Die vier Leitprojekte wurden durch die Impulse inspiriert, die Papst Franziskus im Laufe seines Pontifikates bisher setzte, von "Evangelii Gaudium" bis zu "Laudato Si". Darauf aufbauend liegt der Fokus der Projektarbeiten der Pastoralen Dienste auf der Arbeit nach innen und außen, neuen Formen der Zusammenarbeit und Eröffnung neuer Begegnungsmöglichkeiten.
Wertvolle Unterstützung erhält Richard Geier von Diözesanbischof Ägidius J. Zsifkovics, der seine Wünsche für die neue Richtung und Gestaltung der Pastoralen Dienste umgesetzt sieht. "Wir müssen uns auf das Wesentliche konzentrieren. Wir können nicht mehr so weitermachen wie bisher", sagt Bischof Ägidius. "Daher ist es die Aufgabe der Pastoralen Dienste wesentliche Dinge zu bewegen – im Sinne des Papstes, im Sinne des Bischofs, im Sinne unserer Kirche", betont Geier.

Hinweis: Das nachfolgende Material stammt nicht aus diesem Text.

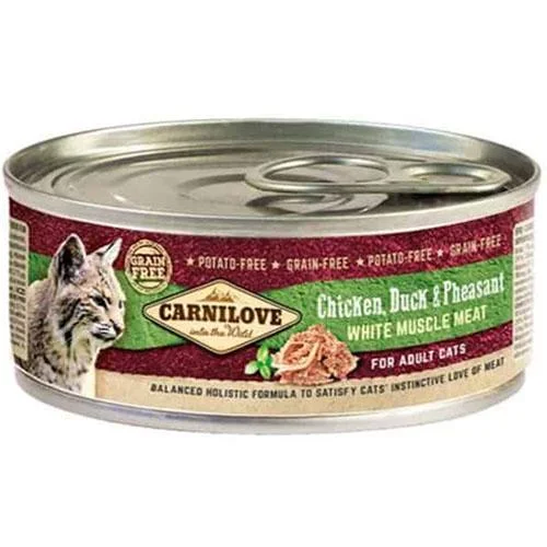 El alimento húmedo para gatos de pollo, pato y faisán CARNILOVE contiene un 55% de carnes de origen silvestre (carne de músculo blanco) y es un alimento completo que no contiene cereales ni patatas.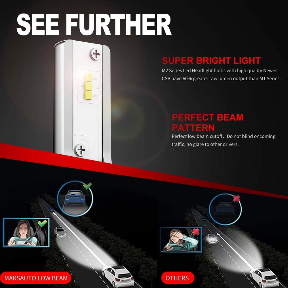 Product description Marsauto M2 9006 hb4 led headlight bulbs high and low beam Features: 2.5 times brighter than stock halogen bulbs Plug and play connection No radio interference 360-degrees illumination Over 50,000 hours lifespan Note: For some vehicles, the professional CANbus decoder is needed if there occur flicker issues or error messages. If your headlights and DRL (daytime running light) share one bulb, the DRL may flicker due to the difference voltage. Specifications: Model: 9006 hb4 Voltage: 8v to 24v Power: 25w per bulb LED type: csp Color temp: 6000k cool white Shell material: aluminum alloy shell Package includes: 2 x Marsauto 9006 hb4 led headlight bulbs 1 x Instruction manual How to install 1. loosen the screws, clips or retaining springs that hold the headlight in place. 2.Disconnect the wiring on the headlight. 3.Remove the headlight from the car and replace it with a new one. 4.Install the new headlight . 5. secure the new headlight in place and make sure the screw, clip or retaining spring is sealed. 6. reconnect the wiring unplugged from the headlight. 7. put back the grille and other removed parts. Seal them in place. 8.Test the new headlight. (Note: We strongly recommend headlight by a professional installer) Payment Shipping Return Policy Contact Us Important Points 1) we accepts all major credit cards via PayPal: MasterCard, Visa, American Express and Discover. 2) We will only ship to the confirmed PayPal shipping address given with the payment. Please make sure your PayPal and eBay address is correct. If not, please correct it before payment. Thank you. 3) If you want to ship to another address, please change your PayPal shipping address before you make payment. 4) To avoid initiating an unpaid item claim, please pay within 7 days. 5) Custom duties, taxes, or charges are not included in the cost you pay to us. We only ship this item to United States ! 1. We ship to your eBay address. Each package will be shipped by UPS or Fedex with tracking number. 2. Ship within 1 business day once payment completed. Orders placed on weekend will be shipped within 3 days. 4. Seriously promise: Refund or resend will be offered if item still not arrive in 7-10 business days. Just send us an email ,we will give you a satisfied solution as soon as possible. If you send us an e-mail, it will be answered within 48 hours during our working hours. Please feel free to contact us if you have any questions: Dear my friend,we appreciate your support.And our goal is service you well and give you a pleasant shopping time in our store. ✅Dear customer, when you want to return or exchange goods (Please contact us first, instead of directly initiating a dispute) 1: Contact the seller first 2: Send pictures: outer packaging&scanned labels&item itself&with complete accessories, etc necessary condition Rule A: The original packaging of the item is in an unused state. Rule B: The outer packaging must not have any damage. 3: Obtain return label 4: Delivered Projects - Payment Repayment ✅A 15% restocking and shelving fee will be charged for returns or exchanges that are not caused by the seller and are in good condition. Exchange will not charge restocking fees or shipping fees due to transportation errors ✅Priority In case of the following reasons, the freight will be borne by the buyer 1: Unexpected order 2: Find a better price 3: Change your mind 4: Buy more items/make mistakes/misread model information ✅Please note Missing accessories/quality issues/transportation damage, etc Please contact us first to obtain a good solution, rather than directly opening a return dispute. Thank you very much for your understanding. I hope we have a pleasant cooperation! Contact us if you have any question, Give us a chance to serve you, negative feedback could not solve anything, communication Please! ❎ (NO) Three stars is LOW star, NO 1,2,3 stars PLEASE! ✅(YES) Please give us Five-star! Have Question or Problem?? Step 1: Contact seller Step 2: Select the 1st topic: I have a question about using my item or I want to send the seller a message. NO others please! Step 3: Describe your question clearly; we will give you the best solution Please leave five stars positive feedback positive comment and Five-Stars. * We maintain a high standard of excellence (5 star rating) and strive for 100% customer satisfaction! * Feedback is very important to us. * We would like you to contact us immediately before giving us neutral or negative feedback so that we can address your concerns to our satisfaction. * If we don't understand these problems, we won't be able to solve them! * After understanding the problem, we will be able to give you a satisfactory answer! It's highly appreciated you leave us positive feedback and 5 star rating comments if you are satisfied with our service! Your comment is very important in our business success. Important Points ➡️ before Placing an Order, Be Sure to Check the Compatibility and Confirm That This Part Is Suitable for Your Vehicle. ➡️ to Confirm, Please Select a Vehicle from the "My Garage" List or Enter Your Vehicle Details Above to Ensure That Your Model Is Included in the Compatibility Table. ➡️ if You Encounter the Problem That You Can't Confirm Whether the Model Is Suitable, Please Contact Me. I Can Quickly Answer the Adaptability Problem for You. Thank You for Your Cooperation and Support! ✅ Ebay Compatible List Can Not Show up All Car Model, and Sometimes It May Have Mistake, and May Not 100% Accurate or out of Date. ✅ Please Check the Manual of Your Vehicle and Choose the Correct Good. ✅ If You Are Not Sure the Which Socket Your Vehicle Need. ✅ Please Send Us Your Car Make, Model, Year and Other Information,We Will Help to Check Which You Need. ✅ If You Have Any Questions, Please Do Contact Us.thank You!

Nicht umsonst spiegelt sich in den vier Leitprojekten unter dem Motto "Gott und den Menschen nahe" das Leitwort der Diözese "Für die Menschen da" wider. "Es geht wirklich um eine Bekehrung der Kirche zu den Menschen. Dabei möchte ich mithelfen", so Geier, "Gott sei Dank habe ich MitarbeiterInnen, die auf diesen Zug jetzt ganz stark aufspringen...".